Compact 22M-parameter ViT-S pathology foundation model pre-trained on 195M tiles, spanning subcellular segmentation to slide-level prediction.

Released: May 2024

Parameters: 22 Million

PLUTO (Pathology-Universal Transformer) is a lightweight self-supervised foundation model for computational pathology, developed by PathAI and posted to arXiv in May 2024. It was designed to address a practical tension in digital pathology: the most capable foundation models are large and trained on enormous private corpora, yet real-world pathology workflows require predictions across radically different spatial scales — from individual nuclei to entire whole-slide images (WSIs). PLUTO aims to provide a single, compact feature extractor that performs well across all of these scales rather than excelling at only one.

A defining characteristic of PLUTO is its efficiency. Built on a Vision Transformer Small (ViT-S) backbone with roughly 22 million parameters, it is far smaller than contemporaries such as Virchow (632M-1.9B) or H-optimus-0 (1.1B). Despite this, the authors report that PLUTO matches or outperforms task-specific baselines and larger pathology foundation models on a diverse set of internal and external benchmarks, demonstrating that architectural design and training strategy can substitute for raw parameter count and dataset scale.

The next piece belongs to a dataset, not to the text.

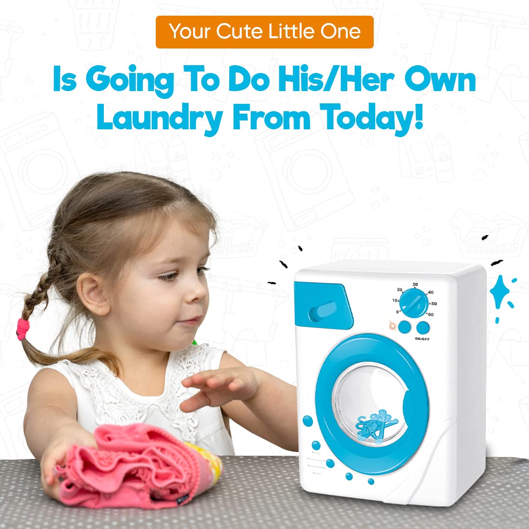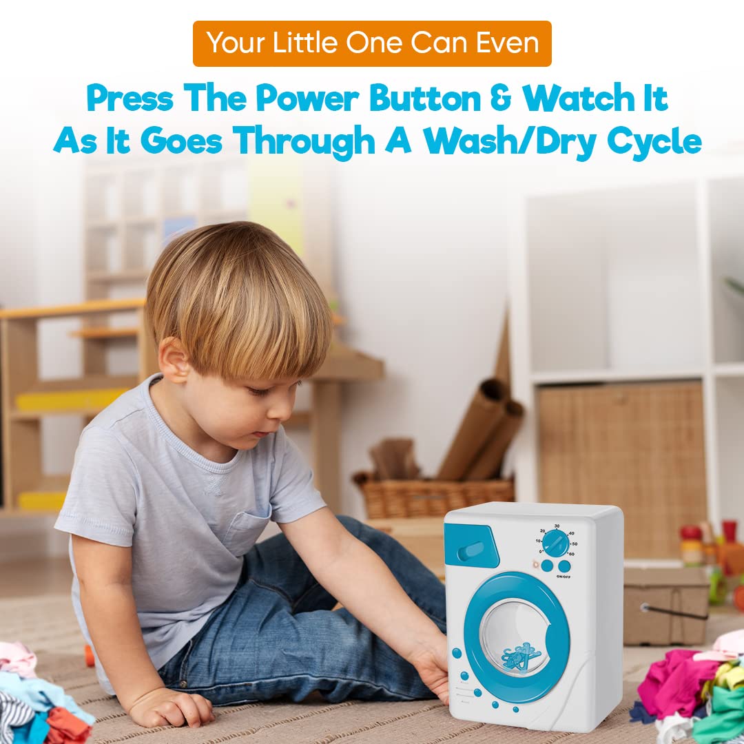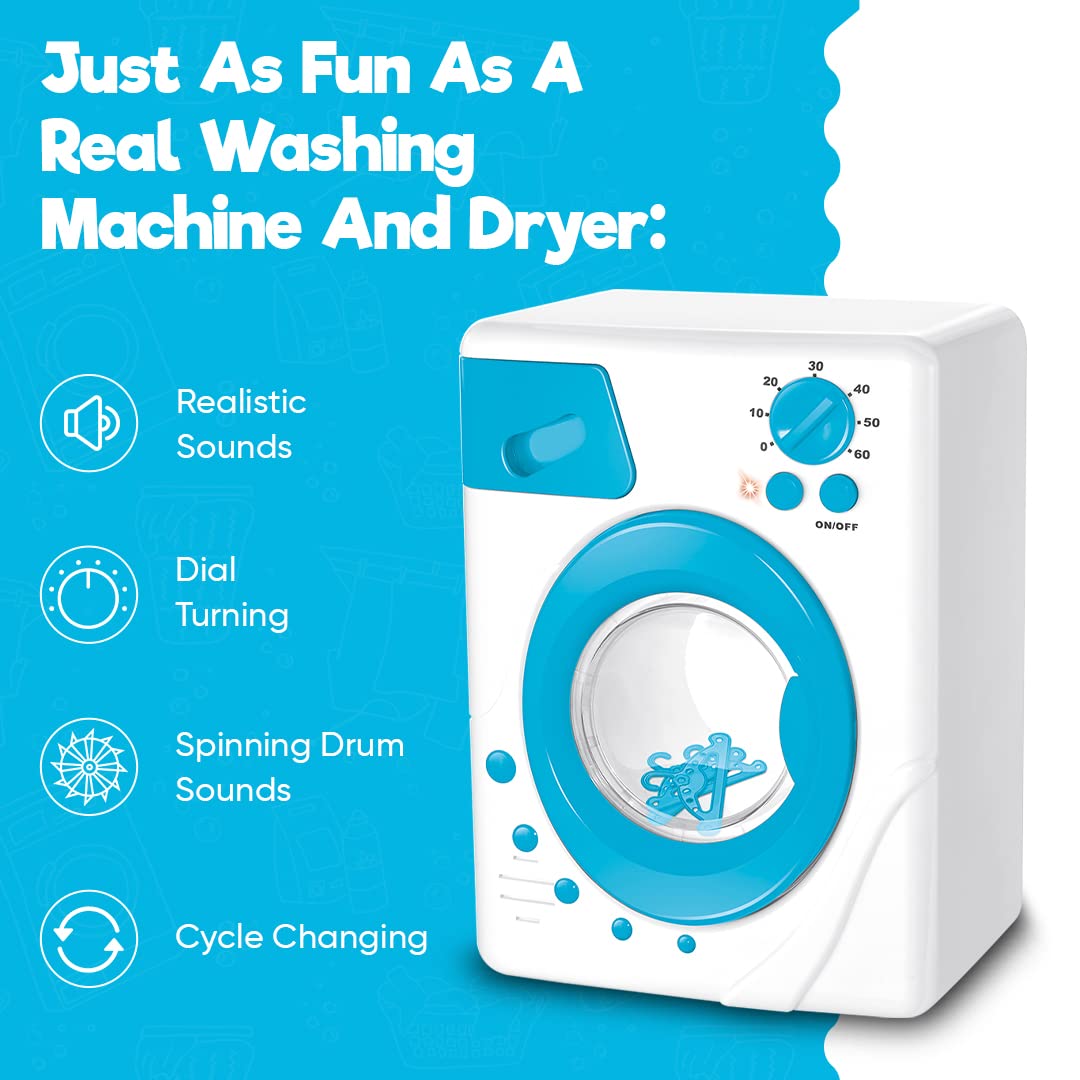 Misco Toys Kids Pretend Play Washing Machine Toy playset, Children Toy wash Machine Appliance Set for Toddlers, Real Life Lights and Sounds, Great Gift Ages 3+ (Blue)

The model was developed by a team of roughly 33 researchers led by Dinkar Juyal, with Andrew H. Beck as senior author. PLUTO represents PathAI's first published foundation model and underpins the company's later, larger PLUTO-4 series (2025), which scales the same multi-scale training recipe up to a 1.1B-parameter variant.

Key Features

Multi-scale by design: A single model serves subcellular instance segmentation, tile-level classification, and slide-level prediction, rather than requiring separate task-specific architectures for each scale.
Lightweight backbone: The ViT-S encoder has only ~22M parameters, enabling fast, cost-effective inference and deployment relative to billion-parameter pathology models.
Flexible patch sizes (FlexiViT): Patch sizes are dynamically selected from {8, 16, 32} during training, letting the model operate across multiple magnifications (0.25, 0.5, 1, and 2 microns per pixel) and adapt to the resolution a task demands.
Composite self-supervised objective: Training combines DINOv2 and iBOT losses with an added Masked Autoencoder (MAE) reconstruction term and a Fourier-domain loss, encouraging representations that capture both global context and fine high-frequency morphological detail.
Highly diverse pretraining corpus: The 195M training tiles span 11 scanners, four stain groups (H&E FFPE, H&E frozen, IHC with 100+ stains, and special stains), 16 tissue groups, and 28 disease areas, improving robustness to site-to-site variation.

Technical Details

PLUTO uses ViT-S student and teacher encoders (~22M parameters) with a shallower MAE decoder. The self-supervised objective sums four terms: a DINO loss, an iBOT masked-image-modeling loss, an MAE reconstruction loss, and a Fourier-based loss. Multi-scale masking is implemented by tying mask sizes to FlexiViT patch sizes dynamically chosen from {8, 16, 32}, and tiles are sampled at four resolutions (0.25, 0.5, 1, and 2 mpp) so the model learns features at multiple magnifications. Pretraining used 195 million image tiles drawn from 158,852 whole-slide images sourced from more than 50 distinct sites.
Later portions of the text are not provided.